Se derrumba el mito de los derechos humanos universales en El Salvador, llevándose entre escombros el otro mito de la no reelección y la rigidez de la Constitución.
Parece más vivo que nunca aquel laberinto de la democracia latinoamericana, entre dictaduras y democracias, mientras se gesta una paradoja que perdura a lo largo del tiempo: el pueblo dispuesto a sacrificar derechos fundamentales por la seguridad anhelada. En el caso de El Salvador, este dilema se traduce en la aceptación de prisiones masivas, libertad de expresión restringida y medios de comunicación bajo acecho, desafíos constitucionales y la creciente inclinación hacia estados de excepción, regímenes militares que cuestionan el verdadero precio de la paz y el desarrollo.
Bukele se autoproclamó ganador antes de los resultados oficiales, asegurando más del 85% de los votos. Su partido, Nuevas Ideas, previsiblemente ganará casi todos los escaños legislativos, consolidando aún más el control sobre El Salvador. Bukele se ha convertido en uno de los líderes más poderosos en la historia moderna, no sólo por su juventud y apuesta tecnológica, sino por lograr una aparente victoria contundente tras una feroz represión de pandillas que transformó la seguridad en el país.
Aparente debido a que la brutalidad carcelaria de su plan no contempla la reinserción social ni el futuro de miles de jóvenes acusados de integrar las pandillas generadoras de violencia, mientras que por otra parte, el problema criminal relacionado a las drogas y a la migración es regional por lo que no basta con encarcelar a cada persona tatuada por el simple hecho de aparentar que integra una pandilla.
Muchos ciudadanos están más que satisfechos y lo peligroso de su liderazgo es que en toda la región afectada por grupos criminales hay un juego seductor que ya crea tentaciones entre aspirantes presidenciales mexicanos como Xóchitl Gálvez o Álvarez Máynez, que prometen un régimen carcelario sin proceso como el que Bukele implementó, así como ciudadanos más cercanos hacia las derechas que piden a gritos un gobernante que se atreva a transformar el sistema penitenciario para hacer de aquel espacio, uno más estricto y temible.

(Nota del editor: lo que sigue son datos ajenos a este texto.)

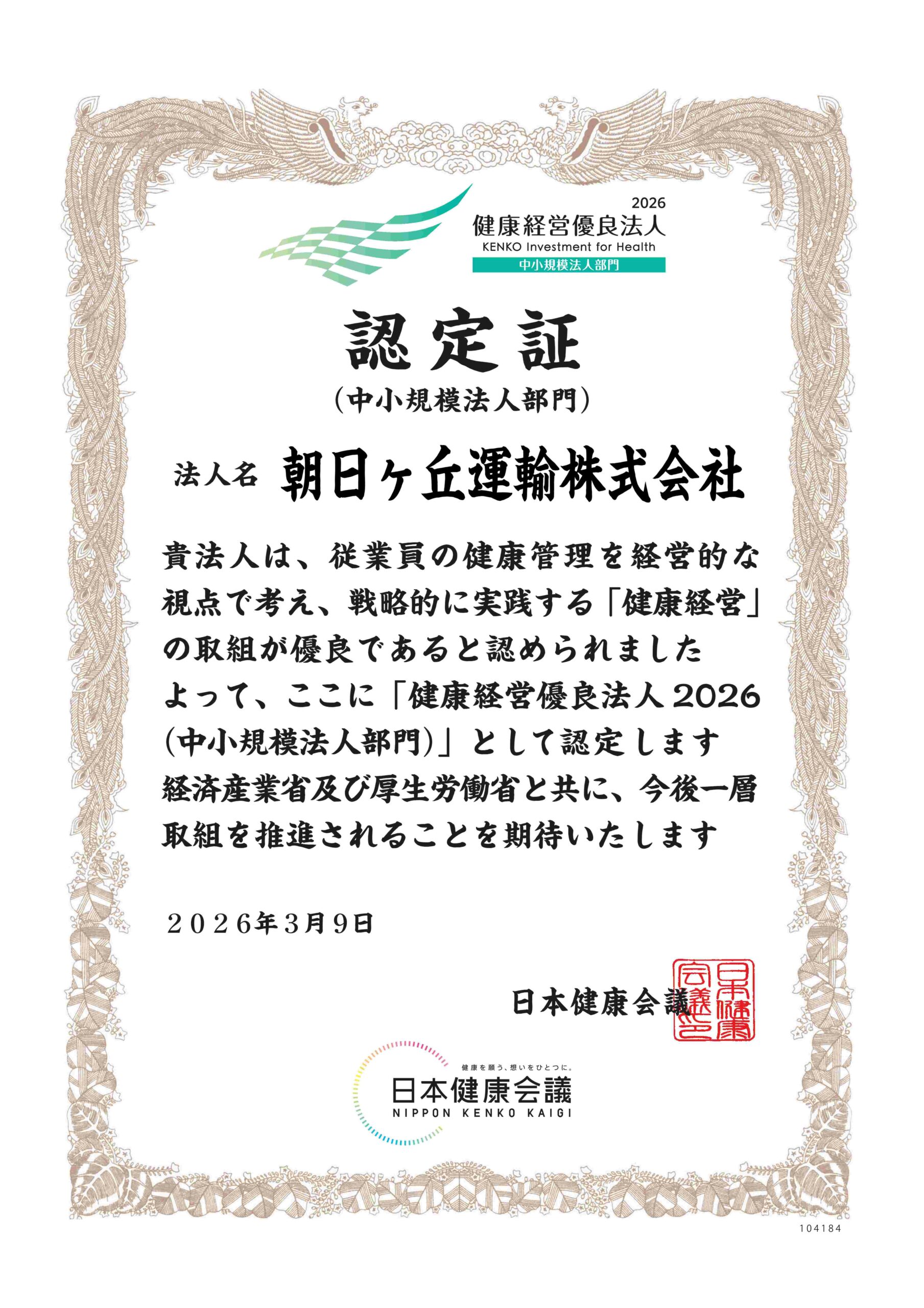新着情報 News 「健康経営優良法人2026(中小規模法人部門)」に認定されました 2026.4.1 朝日ヶ丘運輸 2026 2025 2024 2023 2022 2021 2020 朝日ヶ丘運輸 朝日ヶ丘グループ

El ejemplo de Argentina con Milei y de Nayib Bukele en El Salvador es que los extremos son más atractivos que nunca en comparación con las posiciones de centro que reinaron en los ochentas y cuyo régimen libertario-neoliberal profundizó las desigualdades de las que hoy se benefician las narrativas del derecho penal del enemigo. Al final, si el hartazgo de la inseguridad llevó a que las encuestas indicaran un apoyo mayoritario a Bukele por su lucha contra las pandillas sacrificando la Constitución, libertades y alternancia, la fórmula podría quedar escrita para otros países de América Latina. Casi como en México, en El Salvador jugó un papel clave el rechazo a los partidos tradicionales, marcados por décadas de violencia y corrupción, con un apoyo mínimo al FMLN y ARENA.
Seguridad, ¿a qué costo? El verdadero autoritarismo latente
Bukele, conocido por su estilo combativo, llegó al poder prometiendo eliminar la violencia pandillera y revitalizar la economía. Sin embargo, su segundo mandato se presenta con desafíos económicos, con un crecimiento lento y más de una cuarta parte de los salvadoreños viviendo en la pobreza.

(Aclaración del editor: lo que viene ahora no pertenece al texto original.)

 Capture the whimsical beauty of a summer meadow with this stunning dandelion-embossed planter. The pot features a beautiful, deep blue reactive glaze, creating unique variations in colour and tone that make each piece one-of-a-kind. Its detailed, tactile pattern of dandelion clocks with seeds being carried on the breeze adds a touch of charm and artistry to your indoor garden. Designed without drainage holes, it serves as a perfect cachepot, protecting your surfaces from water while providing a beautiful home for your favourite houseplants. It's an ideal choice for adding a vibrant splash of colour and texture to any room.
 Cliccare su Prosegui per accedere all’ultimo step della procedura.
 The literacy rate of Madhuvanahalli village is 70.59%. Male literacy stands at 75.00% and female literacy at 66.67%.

El respaldo a la introducción de Bitcoin y la consolidación del poder mediante la designación de leales en las instituciones levantan críticas. El Tribunal Supremo Electoral permitió su segunda postulación, ignorando la prohibición constitucional. La Embajada China felicitó la “victoria histórica”, mientras los defensores de los derechos humanos alertan sobre el ataque a la democracia.

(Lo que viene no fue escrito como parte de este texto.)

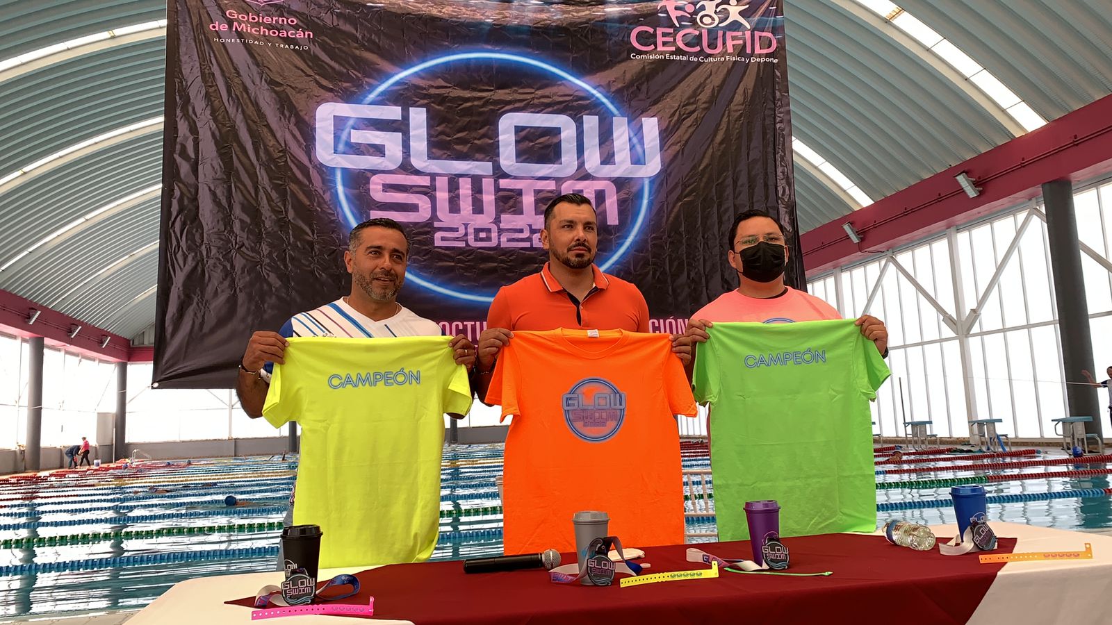 La Comisión Estatal de Cultura Física y Deporte presentó este miércoles el primer maratón nocturno de natación “Glow Swim”, que se realizará en el Complejo Acuático “Aquiles Serdán”.

El dilema persiste: ¿es la seguridad a costa de la libertad el precio necesario para la estabilidad? La historia nos advierte que regímenes autoritarios, a pesar de la aparente estabilidad, limitan libertades esenciales. Pareciera que, en pleno contexto internacional de guerras, las democracias van perdiendo popularidad. Ya no hay ánimos para encontrar soluciones que fortalezcan a la democracia en lugar de socavarla, pareciera que la seguridad y las libertades se encuentran divorciadas. A la vez, en momentos de amplio desarrollo tecnológico y herramientas de inteligencia, vigilancia, espionaje y seguimiento, pensar en el sacrificio de todo a cambio de seguridad parece una trampa. Un caminar directo al matadero, una renuncia a la ciudadanía que empieza con promesas de seguridad, cantos de sirena.
En última instancia, el dilema latinoamericano entre seguridad y libertad nos recuerda la fragilidad de la democracia y la responsabilidad de preservarla. Está naciendo el primer “tecnoautócrata”: totalmente digital, totalmente popular y totalmente transgresor de la tradición constitucional. Vaya apoyo que le han dado, por cierto, los desmemoriados y los jóvenes.